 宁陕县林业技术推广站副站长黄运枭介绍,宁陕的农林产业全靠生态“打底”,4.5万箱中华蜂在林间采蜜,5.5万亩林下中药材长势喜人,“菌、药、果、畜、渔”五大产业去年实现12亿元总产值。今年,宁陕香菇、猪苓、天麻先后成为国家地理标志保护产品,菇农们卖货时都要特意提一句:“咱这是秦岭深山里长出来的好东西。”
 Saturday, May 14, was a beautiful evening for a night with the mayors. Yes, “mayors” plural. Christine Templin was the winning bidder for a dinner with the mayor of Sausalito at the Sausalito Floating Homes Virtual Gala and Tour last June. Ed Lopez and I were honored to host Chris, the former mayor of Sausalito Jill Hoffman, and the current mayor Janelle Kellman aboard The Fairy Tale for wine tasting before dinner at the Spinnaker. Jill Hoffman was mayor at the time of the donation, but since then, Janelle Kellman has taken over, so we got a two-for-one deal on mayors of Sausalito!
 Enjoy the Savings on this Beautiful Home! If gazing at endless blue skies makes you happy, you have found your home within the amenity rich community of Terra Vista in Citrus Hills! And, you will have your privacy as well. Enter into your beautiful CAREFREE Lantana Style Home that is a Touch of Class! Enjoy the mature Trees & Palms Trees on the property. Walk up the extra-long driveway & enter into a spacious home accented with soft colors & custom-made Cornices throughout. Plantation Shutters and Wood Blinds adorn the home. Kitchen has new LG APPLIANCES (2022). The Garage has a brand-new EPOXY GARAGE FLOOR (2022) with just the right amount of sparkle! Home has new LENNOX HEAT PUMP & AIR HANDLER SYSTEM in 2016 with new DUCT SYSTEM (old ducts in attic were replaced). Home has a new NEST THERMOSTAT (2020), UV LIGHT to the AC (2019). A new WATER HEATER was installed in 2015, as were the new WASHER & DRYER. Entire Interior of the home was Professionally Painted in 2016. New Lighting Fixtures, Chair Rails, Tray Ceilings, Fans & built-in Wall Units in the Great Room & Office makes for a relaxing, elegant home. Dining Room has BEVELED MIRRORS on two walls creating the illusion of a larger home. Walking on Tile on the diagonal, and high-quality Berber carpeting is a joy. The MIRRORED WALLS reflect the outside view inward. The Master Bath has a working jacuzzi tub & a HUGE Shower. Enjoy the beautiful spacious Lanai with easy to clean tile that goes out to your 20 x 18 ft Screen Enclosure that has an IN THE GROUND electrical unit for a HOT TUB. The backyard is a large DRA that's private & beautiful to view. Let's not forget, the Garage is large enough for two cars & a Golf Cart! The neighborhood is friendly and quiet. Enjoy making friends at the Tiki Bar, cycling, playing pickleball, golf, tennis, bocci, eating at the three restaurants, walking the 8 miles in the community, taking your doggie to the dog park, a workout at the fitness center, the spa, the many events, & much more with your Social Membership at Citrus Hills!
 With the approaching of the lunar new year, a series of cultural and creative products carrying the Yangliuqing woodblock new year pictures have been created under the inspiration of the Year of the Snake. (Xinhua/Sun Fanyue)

# # # # #

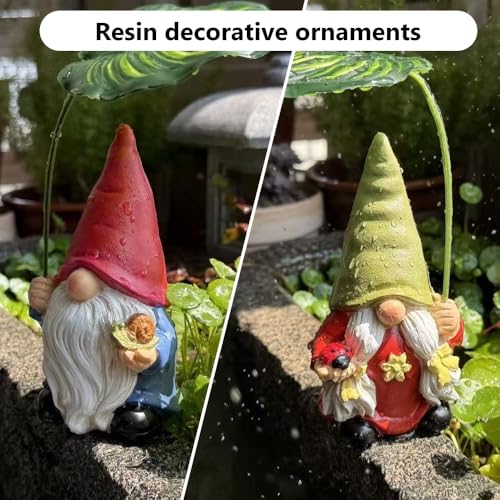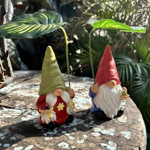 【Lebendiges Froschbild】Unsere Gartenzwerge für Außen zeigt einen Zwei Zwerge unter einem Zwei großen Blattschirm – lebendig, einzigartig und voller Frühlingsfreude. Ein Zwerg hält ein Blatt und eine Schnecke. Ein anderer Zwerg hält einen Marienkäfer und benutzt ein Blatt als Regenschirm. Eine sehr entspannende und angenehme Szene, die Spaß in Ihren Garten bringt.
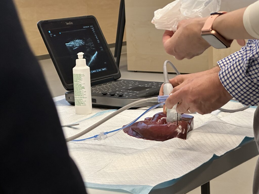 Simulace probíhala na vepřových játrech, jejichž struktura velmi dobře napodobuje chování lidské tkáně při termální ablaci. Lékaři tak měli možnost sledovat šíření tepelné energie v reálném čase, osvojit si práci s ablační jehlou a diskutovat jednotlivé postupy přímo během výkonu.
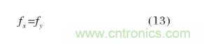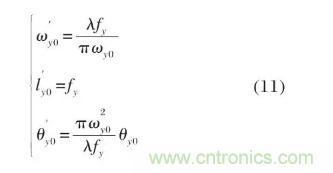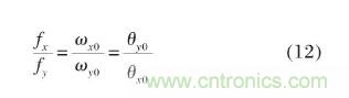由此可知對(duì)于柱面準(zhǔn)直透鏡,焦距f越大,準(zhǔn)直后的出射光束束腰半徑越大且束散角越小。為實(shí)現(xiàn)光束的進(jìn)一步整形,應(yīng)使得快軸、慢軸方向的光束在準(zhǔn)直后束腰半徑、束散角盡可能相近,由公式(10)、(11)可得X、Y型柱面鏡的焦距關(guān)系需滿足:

# # # # #

_Task:_
The reply should consist solely of the lines above from the one that has "宁陕县林业技术推广站副站长黄" through the one that has "Saturday, May 14, was", reproduced exactly.

_Reply:_
 宁陕县林业技术推广站副站长黄运枭介绍,宁陕的农林产业全靠生态“打底”,4.5万箱中华蜂在林间采蜜,5.5万亩林下中药材长势喜人,“菌、药、果、畜、渔”五大产业去年实现12亿元总产值。今年,宁陕香菇、猪苓、天麻先后成为国家地理标志保护产品,菇农们卖货时都要特意提一句:“咱这是秦岭深山里长出来的好东西。”
 Saturday, May 14, was a beautiful evening for a night with the mayors. Yes, “mayors” plural. Christine Templin was the winning bidder for a dinner with the mayor of Sausalito at the Sausalito Floating Homes Virtual Gala and Tour last June. Ed Lopez and I were honored to host Chris, the former mayor of Sausalito Jill Hoffman, and the current mayor Janelle Kellman aboard The Fairy Tale for wine tasting before dinner at the Spinnaker. Jill Hoffman was mayor at the time of the donation, but since then, Janelle Kellman has taken over, so we got a two-for-one deal on mayors of Sausalito!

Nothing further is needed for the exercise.